Scissor gait is a form of gait abnormality primarily associated with spastic cerebral palsy. That condition and others like it are associated with an upper motor neuron lesion.


Presentation
This gait pattern is reminiscent of a marionette.  Hypertonia in the legs, hips and pelvis means these areas become flexed to various degrees, giving the appearance of crouching, while tight adductors produce extreme adduction, presented by knees and thighs hitting, or sometimes even crossing, in a scissors-like movement while the opposing muscles, the abductors, become comparatively weak from lack of use. Most common in patients with spastic cerebral palsy, the individual is often also forced to walk on tiptoe unless the plantarflexor muscles are released by an orthopedic surgical procedure.

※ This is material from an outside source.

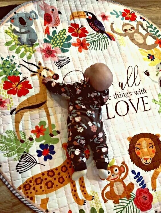 Детский коврик мешочек с нескользящим покрытием "Зверята" диаметр 150 см
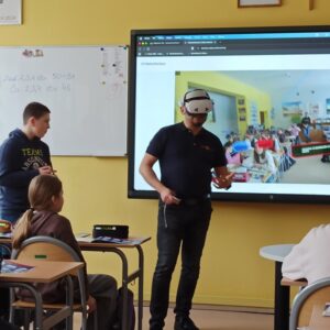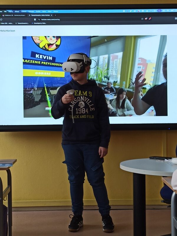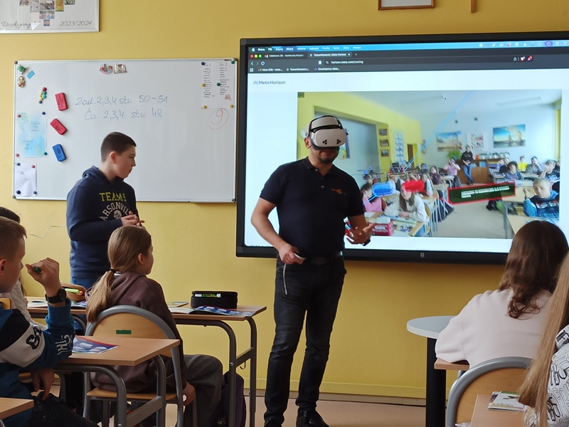 Uczniowie wzięli udział w scenkach dotyczących konfrontacji dziecka z dorosłym podszywającym się pod koleżankę (spoofing), rozmawiali o tym, jak rozpoznać manipulację oraz jak zareagować. Uczyliśmy się również budować silne hasła oraz dowiedzieliśmy się na czym polega działanie menedżera haseł. W zajęciach wykorzystane zostały najnowsze technologie – gogle VR.

These features are most typical with the scissors gait and usually result in some form and to some degree regardless of the mildness or severity of the spastic CP condition:
 rigidity and excessive adduction of the leg in swing
 plantar flexion of the ankle
 flexion at the knee
 adduction and internal rotation at the hip
 progressive contractures of all spastic muscles
 complicated assisting movements of the upper limbs when walking.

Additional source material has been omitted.